What is the impact of a large sample size on the confidence interval of the mean?
- Larger sample size has no impact on the confidence interval
- Larger sample size leads to a narrower interval
- Larger sample size leads to a wider interval
- Larger sample size makes the interval skewed
Larger sample sizes lead to narrower confidence intervals. With more data, we're able to estimate the population parameter more precisely, thus the range of values within which we believe the parameter lies (the confidence interval) gets smaller.
Spearman's Rank Correlation is used when the variables are measured on a ________ scale.
- Interval
- Nominal
- Ordinal
- Ratio
Spearman's Rank Correlation is used when the variables are measured on an ordinal scale, as it compares the ranks of data. It can also be used with interval and ratio scales, particularly when a non-parametric measure of association is desired.
What are the assumptions of the Mann-Whitney U test?
- Equal variances and independent observations
- Independent observations and normally distributed residuals
- Independent observations and similarly shaped distributions
- Normal distribution, equal variances, and independent observations
The assumptions of the Mann-Whitney U test are that observations are independent and that the distributions are similarly shaped. It does not require the assumption of normal distribution or equal variances.
If the null hypothesis is false, but we fail to reject it, what type of error have we made?
- Both Type I and Type II error
- Neither Type I nor Type II error
- Type I error
- Type II error
If the null hypothesis is false, but we fail to reject it, we have made a Type II error. This is also known as a "false negative" result.
When two variables increase and decrease together, they are said to have a ________ correlation.
- negative
- positive
- strong
- zero
When two variables increase and decrease together, they are said to have a positive correlation. This is indicated by a positive Pearson's Correlation Coefficient.
The Kruskal-Wallis Test ranks all the data from all groups together; it then tests whether the ________ ranks differ significantly between the groups.
- average
- mean
- median
- mode
The Kruskal-Wallis Test ranks all the data from all groups together; it then tests whether the mean ranks differ significantly between the groups.
A statistical technique that uses several explanatory variables to predict the outcome of a response variable is called ________.
- ANOVA
- correlation
- multiple linear regression
- simple linear regression
Multiple linear regression is a statistical technique used to predict the outcome of a response variable based on the value of two or more explanatory variables.
When two or more independent variables in a regression model are highly correlated, it's known as ________.
- Collinearity
- Interaction
- Multicollinearity
- Overfitting
This is known as multicollinearity. In regression analysis, multicollinearity refers to a situation where two or more independent variables are highly correlated. This can make it difficult to determine the effect of each individual variable on the dependent variable and can lead to unstable and unreliable estimates.
The ________ of a distribution is the point of maximum frequency.
- Mean
- Median
- Mode
- Standard deviation
The mode of a distribution is the point of maximum frequency. It represents the value that appears most frequently in a data set. A distribution can be unimodal (one mode), bimodal (two modes), or multimodal (more than two modes).
How can you identify the presence of bimodal distribution in data?
- By looking at the mean and median
- By looking at the skewness
- By looking at the standard deviation
- By looking for two peaks in a histogram
A bimodal distribution is one that has two different modes, or peaks. This can often be identified in a histogram, where two separate areas of the data have higher frequencies. This might indicate that the data is drawn from two different populations.

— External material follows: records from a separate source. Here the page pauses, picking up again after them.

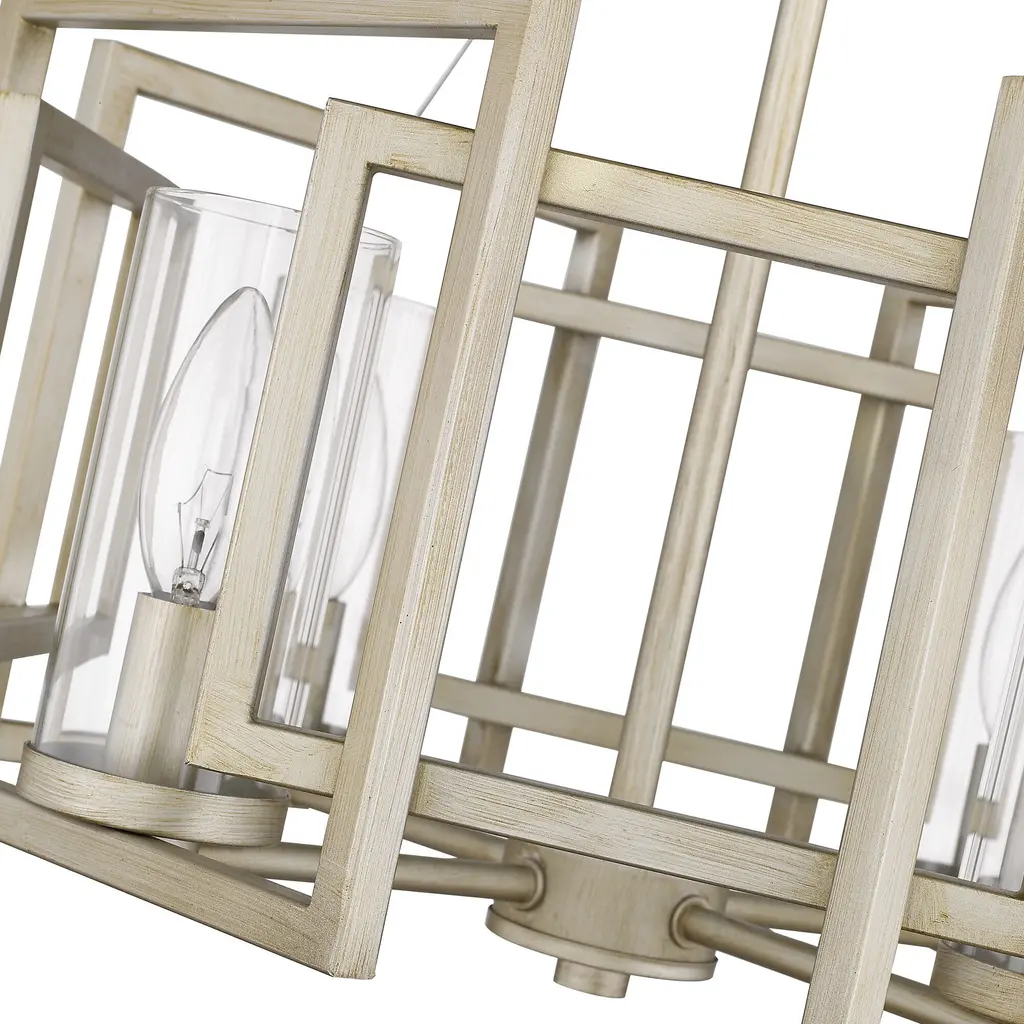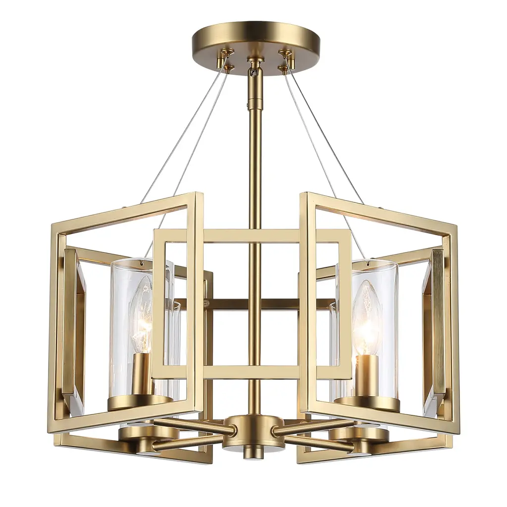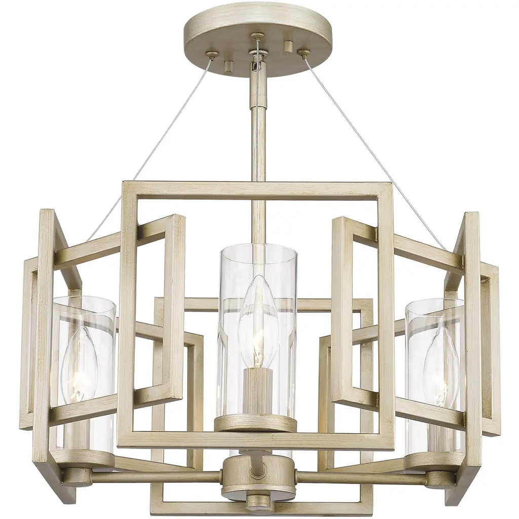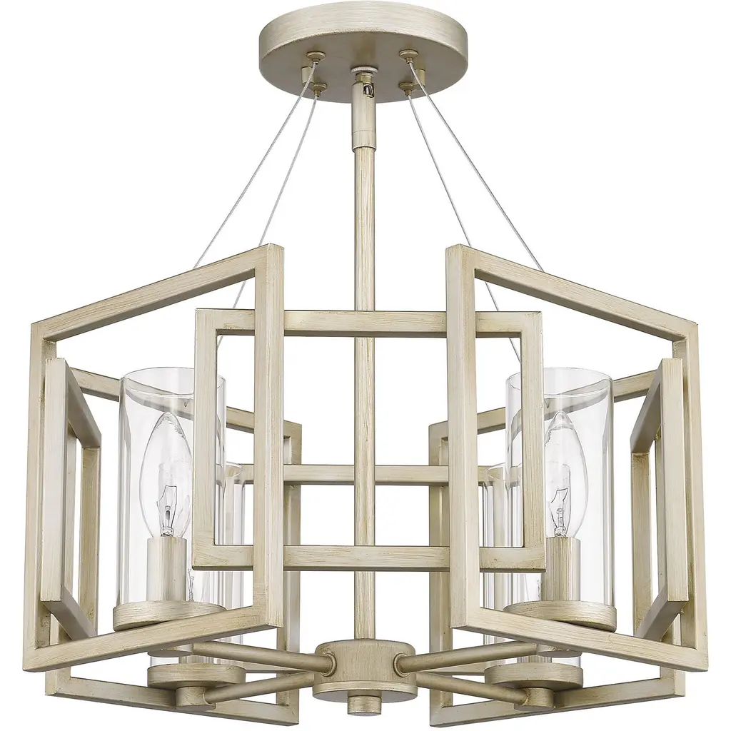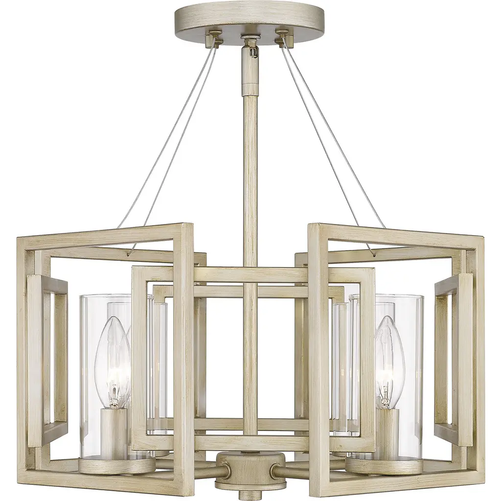 Bring Modern elegance into your home with the Golden Lighting Marco 4-light Semi-Flush Mount. Featuring a glass shade and a White Gold frame, it creates a welcoming atmosphere. The Clear Glass shade offers brilliant, unobstructed light, perfectly complementing your decor while enhancing the beauty of the bulbs. Its sophisticated, hand-applied finish blends warmth and coolness, adding an artisanal glamour to any space. This semi-flush mount light is ideal for various rooms, including entryways, kitchens, and living areas with mid-height ceilings. It's rated for damp locations, suitable for spaces like covered porches and bathrooms, and offers a convertible design with adjustable height for both sloped and flat ceilings (ranging from 10.625" to 16.375"). Overall dimensions measure 16"W x 10.63"H x 16"D, and it requires four E12 candelabra base bulbs (not included) with a maximum wattage of 60 per bulb. Enhance your home with this quality fixture that balances style and functionality.
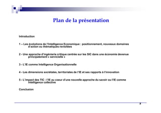 L'intelligence économique est devenue cruciale pour aider les organisations à naviguer dans un environnement concurrentiel, évoluant d'une économie industrielle à une économie servicielle et immatérielle. Le document explore son positionnement, ses nouveaux domaines d'action, ainsi que ses dimensions sociétales et territoriales, tout en envisageant l'intelligence économique comme une forme d'intelligence organisationnelle. Il met également en lumière l'impact des nouvelles technologies de l'information et de la communication sur l'intellect collectif et la gestion des complexités organisationnelles.
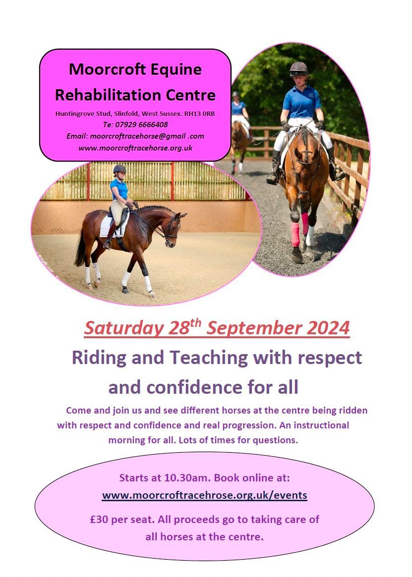 Please join us at Moorcroft Equine Rehabilitation Centre on Saturday 28 September 2024 to see different horses at the Centre being ridden with respect and confidence and real progression.
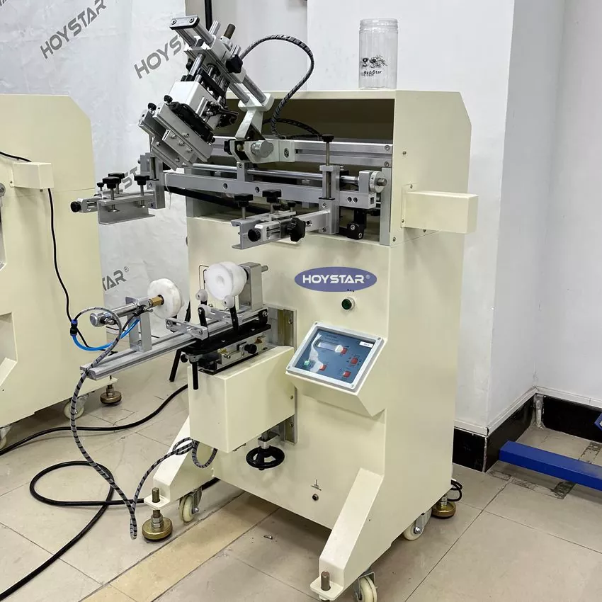 Professionaalse tootja ja tarnijana on HOYSTAR 1 värviline ekraanprinter silindriliste toodete jaoks loodud kiireks ja ühtlaseks printimiseks erinevatele kõveratele pindadele. See töötab märkimisväärselt madala müratasemega ja annab partiide kaupa stabiilseid kvaliteetseid väljatrükke.

When adding polynomial terms or interaction effects, what key assumption of regression might be violated?
- Homoscedasticity
- Independence of observations
- Linearity
- Normality of errors
When adding polynomial terms or interaction effects to a regression model, the assumption of linearity might be violated. The linearity assumption in regression analysis states that the relationship between the independent and dependent variables is linear, i.e., a change in the independent variable will result in a constant change in the dependent variable. When adding polynomial terms or interaction effects, we are essentially modeling a non-linear relationship.
In probability, an ________ is the set of possible results of an experiment.
- Event
- Outcome
- Probability Space
- Sample Space
In probability theory, an "outcome" is a possible result of an experiment or trial. For example, if you toss a coin, the possible outcomes are heads or tails. Each outcome of an experiment corresponds to a unique event.